Something clawed at his gut, and it wasn’t until he lowered her to the ground without realizing it that he identified the strange feeling. Sympathy.
“Go,” he said roughly. “Before I change my mind.”
She got the hell out of there, and so did Wraith. Rattled by his uncharacteristic display of mercy, he ruthlessly shoved aside the incident. He needed to get back on track. He needed to feed.
The punks had split up, and one by one, he tracked them down with almost mechanical efficiency until only the leader was left.
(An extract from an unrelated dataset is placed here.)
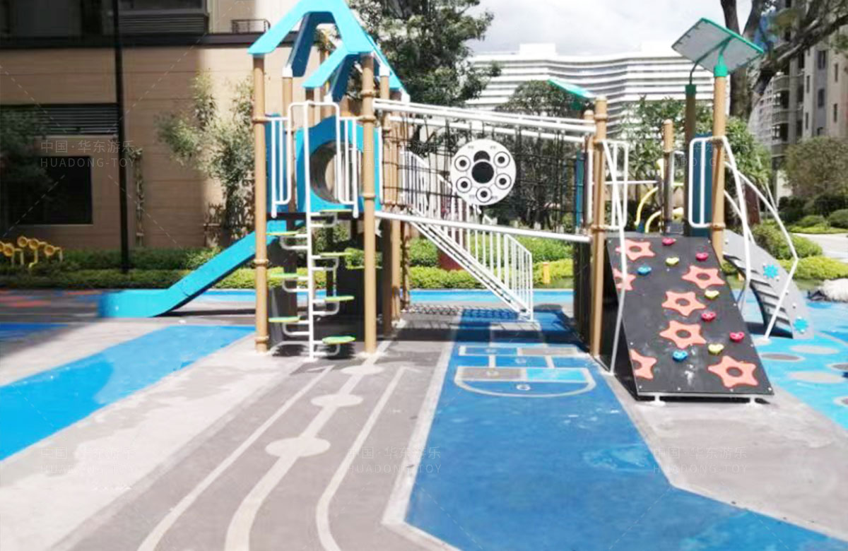 该项目选用的是必一运动游乐自主研发和设计的PE板系列组合滑梯,该滑梯是一款具备了攀爬墙、攀爬网、攀爬梯、空中网桥、不锈钢滑梯等功能为一体的综合性游乐设备,除此之外还设置了小朋友喜欢的传声筒、攀爬墙、翻翻乐和成年健身器等设备,不仅丰富人们的休闲生活,也为该小区增加了更多的生机与活力。

Somewhere nearby, a gunshot rang out, a familiar sound in this part of the city, so familiar he doubted the cops would even be called.
The leader was ahead, pacing in front of a boarded-up shop front, his voice crisp with agitation as he barked out orders on his cell phone.
“Yo, scumbag,” Wraith yelled. “I’m over here! Would it help if I wore a neon sign?”
Red-faced with fury, the leader bolted into an alley after Wraith. Halfway in, Wraith pivoted around. The gangster pulled his gun, but Wraith disarmed him before he could so much as blink. The weapon skidded across the wet pavement as Wraith put the guy’s back into a wall and jammed his forearm across the human’s thick neck.